SVD exercises

{pagebreak}

Exercises

For these exercises we are again going to use:

library(tissuesGeneExpression)
data(tissuesGeneExpression)

Before we start these exercises, it is important to reemphasize that when using the SVD, in practice the solution to SVD is not unique. This because $\mathbf{UDV^\top} = \mathbf{ (-U) D (-V)^\top}$ . In fact, we can flip the sign of each column of $\mathbf{U}$ and, as long as we also flip the respective column in $\mathbf{V}$ , we will arrive at the same solution. Here is an example:

s = svd(e)
signflips = sample(c(-1,1),ncol(e),replace=TRUE)
signflips

Now we switch the sign of each column and check that we get the same answer. We do this using the function sweep. If x is a matrix and a is a vector then sweep(x,1,y,FUN="*") applies the function FUN to each row i FUN(x[i,],a[i]), in this case x[i,]*a[i]. If instead of 1 we use 2, sweep applies this to columns. To learn about sweep read ?sweep`.

newu= sweep(s$u,2,signflips,FUN="*")
newv= sweep(s$v,2,signflips,FUN="*" )
identical( s$u %*% diag(s$d) %*% t(s$v), newu %*% diag(s$d) %*% t(newv))

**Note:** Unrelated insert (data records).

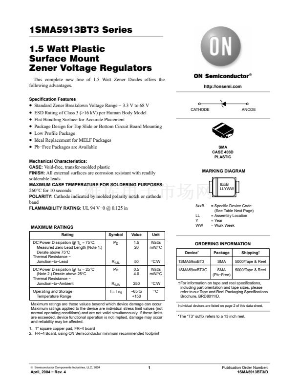 • 1.5 Watt Plastic Surface Mount Zener Voltage Regulators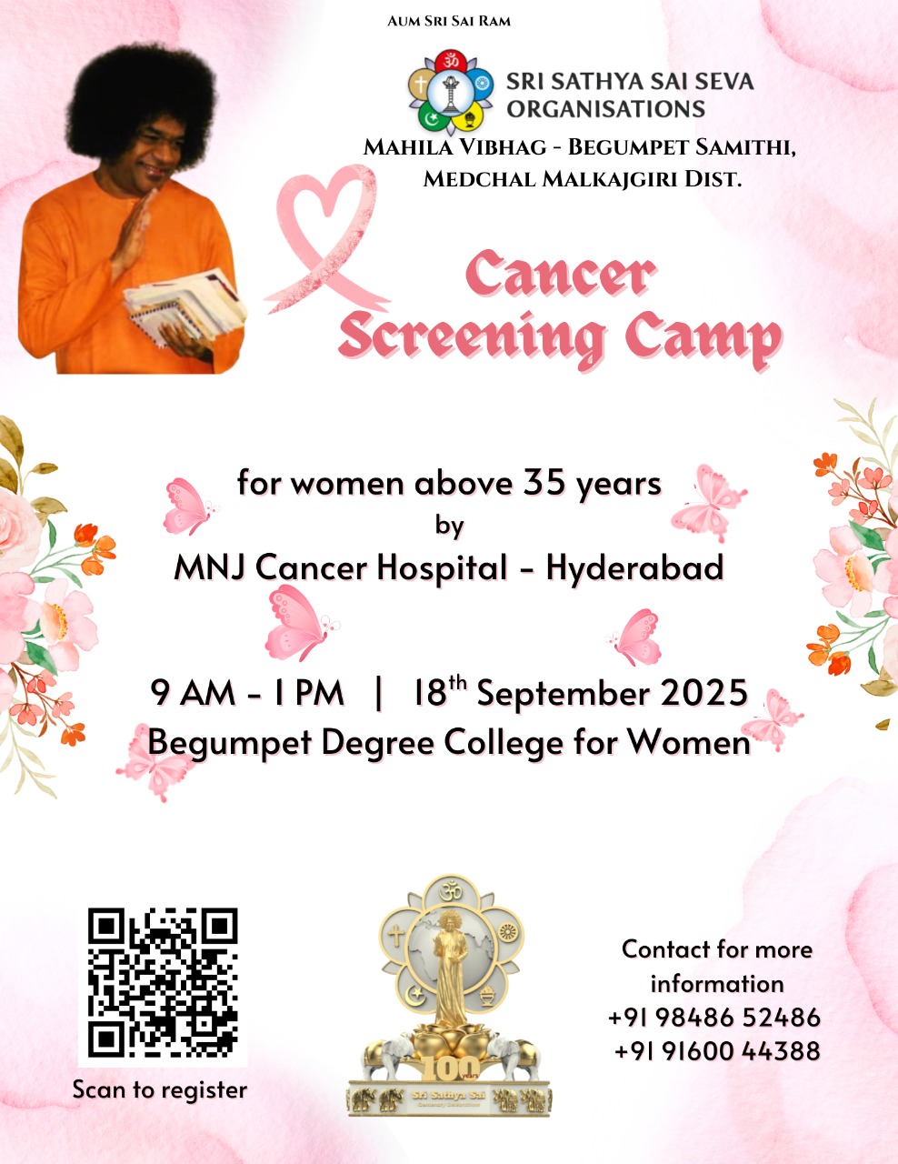 MNJ Cancer Screening Camp organized by Satya Sai Seva Organization at Begumpet Degree College on September 18, 2025.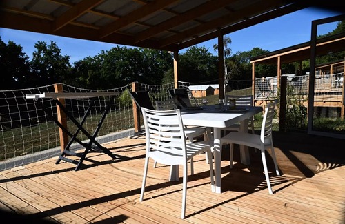 Accommodation: Your holiday at 4 (or less!) in a new mobile home, with all the comfort, from dishwasher to air conditioning, TV, mosquito nets and blinds in the rooms and a beautiful bathroom with large extra-flat shower, towel dryer and hairdryer. And without charge, you will have the beds made before your arrival, towels and towels provided. A large covered terrace with deckchairs and table and chairs allows you to live outside, sheltered from the sun or rain!The pitches are located towards the lake, at the bottom right at the entrance to the campsite.We regret that we cannot accept the animals in this rental.

This is important to know because different implementations of the SVD algorithm may give different signs, which can lead to the same code resulting in different answers when run in different computer systems.

Compute the SVD of e
```
 s = svd(e)
```
Now compute the mean of each row:
```
 m = rowMeans(e)
```
What is the correlation between the first column of $\mathbf{U}$ and m?
In exercise 1, we saw how the first column relates to the mean of the rows of e. If we change these means, the distances between columns do not change. For example, changing the means does not change the distances:
```
 newmeans = rnorm(nrow(e)) ##random values we will add to create new means
 newe = e+newmeans ##we change the means
 sqrt(crossprod(e[,3]-e[,45]))
 sqrt(crossprod(newe[,3]-newe[,45])) 
```
So we might as well make the mean of each row 0, since it does not help us approximate the column distances. We will define y as the detrended e and recompute the SVD:
```
 y = e - rowMeans(e)
 s = svd(y)
```
We showed that $\mathbf{UDV^\top}$ is equal to y up to numerical error:
```
 resid = y - s$u %*% diag(s$d) %*% t(s$v)
 max(abs(resid))
```
The above can be made more efficient in two ways. First, using the crossprod and, second, not creating a diagonal matrix. In R, we can multiply matrices x by vector a. The result is a matrix with rows i equal to x[i,]*a[i]. Run the following example to see this.
```
 x=matrix(rep(c(1,2),each=5),5,2)
 x*c(1:5)
```
which is equivalent to:
```
 sweep(x,1,1:5,"*")
```
This means that we don’t have to convert s$d into a matrix.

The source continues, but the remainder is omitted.